Living At The Movies
The Evolution of Home Theater
Recent innovations have made the home theater experience more immersive, affordable and convenient. A seismic shift has occurred since the days of VHS and cathode ray tube televisions.
John Rein, principle partner at Nashua’s Audio Video Therapy, notes, “The biggest change is formats. You have 4K video, which has made a picture that is more defined and clearer than ever. Atmos sound gives you a three-dimensional sound field which you never truly had in a theater before. These have all happened in the last few years. … I will say that Atmos alone is probably the biggest sound difference I’ve heard in 15 years. … You are having sound come from a specific point in the room now. Not just ‘kind of over here, kind of over there.’ It’s 3 feet down and 4 feet over.”
There are other changes, starting with the quality of digital projectors, which replicate the full movie experience more closely than the biggest televisions. And the televisions are getting better. What’s more, the price of the technology means homeowners can achieve or exceed cineplex quality.
“The projector that’s $3,500 today is better than what I was selling a decade ago for 40 or 50,000 dollars,” Rein says. “4K TVs are cheap compared to what they were even two or three years ago. The biggest thing that’s happened is that you can get to high levels of performance for less than you ever could in the history of audio and video.”
For John McDermott, co-owner and system designer at Tailor-Made Audio + Video in Salem, New Hampshire, another big shift involves the ways we access content.
“Streaming video has been one of the biggest changes in the industry,” McDermott says. “People have been using Netflix and Amazon Prime Video for a few years now. Devices are now streaming 4K video for 4K TVs.”

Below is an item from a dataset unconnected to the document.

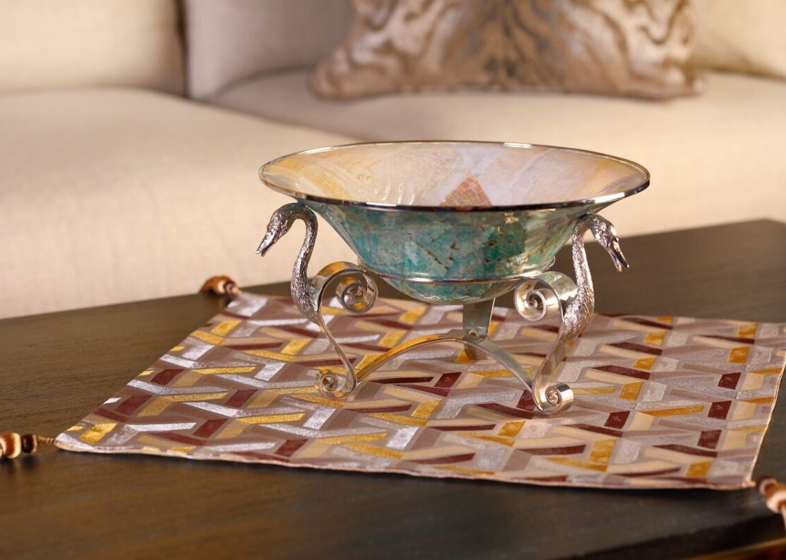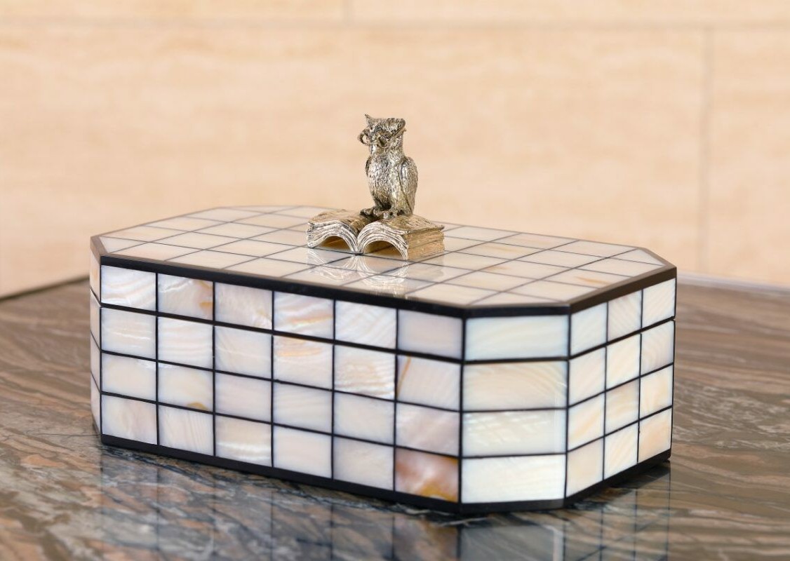 熟練の職人が手がける象嵌細工は、異なる素材を精緻に嵌め込む高度な伝統技法です。木材、金属、貝殻を組み合わせた複雑なパターンは、何世代にもわたって受け継がれてきた技の結晶。テーブルの天板に施された繊細な幾何学模様は、見る角度によって異なる表情を見せ、日常のなかに小さな発見の喜びをもたらします。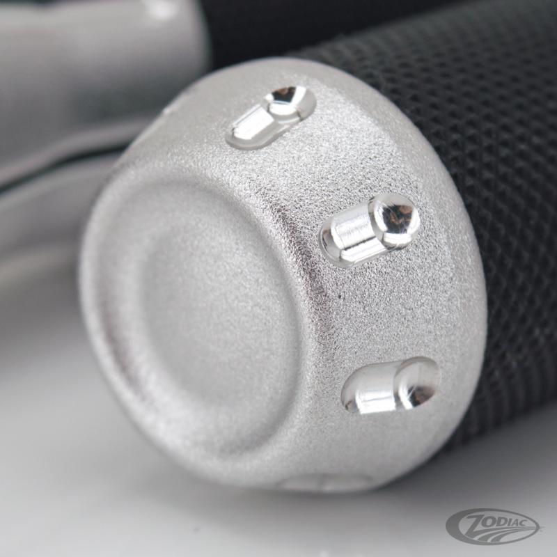 Ces poignées en aluminium usiné sont recouvertes de caoutchouc pour ajouter la touche finale à votre moto. Disponible pour câbles et tirages électriques en chromé, chromé grenaillé, noir avec des coupes claires, ou l'exclusif Zodiac noir 2 tons, une finition qui correspond parfaitement avec la finition noire du moteur de Harley.

Unfortunately, streaming is limited by bandwidth. For the immediate future, home theater owners who care about having the best picture and audio quality are generally opting for Ultra HD Blu-ray. According to McDermott, “The average household’s internet connection is anywhere from 100 to 150 mbps. … You can’t send true 4K or true Dolby Digital or even Dolby Atmos, for that matter, over that 150 mbps connection.” That will change as service providers upgrade their networks and replace megabits with gigabits.
Innovation is coming in other forms. High-backed leather chairs are being designed for maximum comfort. Projectors can operate in a wider array of spaces — even those with a previously prohibitive level of ambient light. Smart home capability is allowing homeowners to integrate their media with air conditioning and security systems. Voice activation means you no longer have to worry about getting remoulade on your remote. High quality in-wall speakers are approaching the point of invisibility. Outdoor systems are increasingly popular, and landscape components such as weatherproof or weatherized speakers and screens let viewers watch the Sunday game as they lounge on pool rafts and deck chairs.
While popcorn still tastes best with real butter, everything else about the home theater experience has been radically transformed. We probably won’t see another such period until 8K formats take over, and that’s years away. So, until then, fire up the laser projector, sit back and enjoy the show.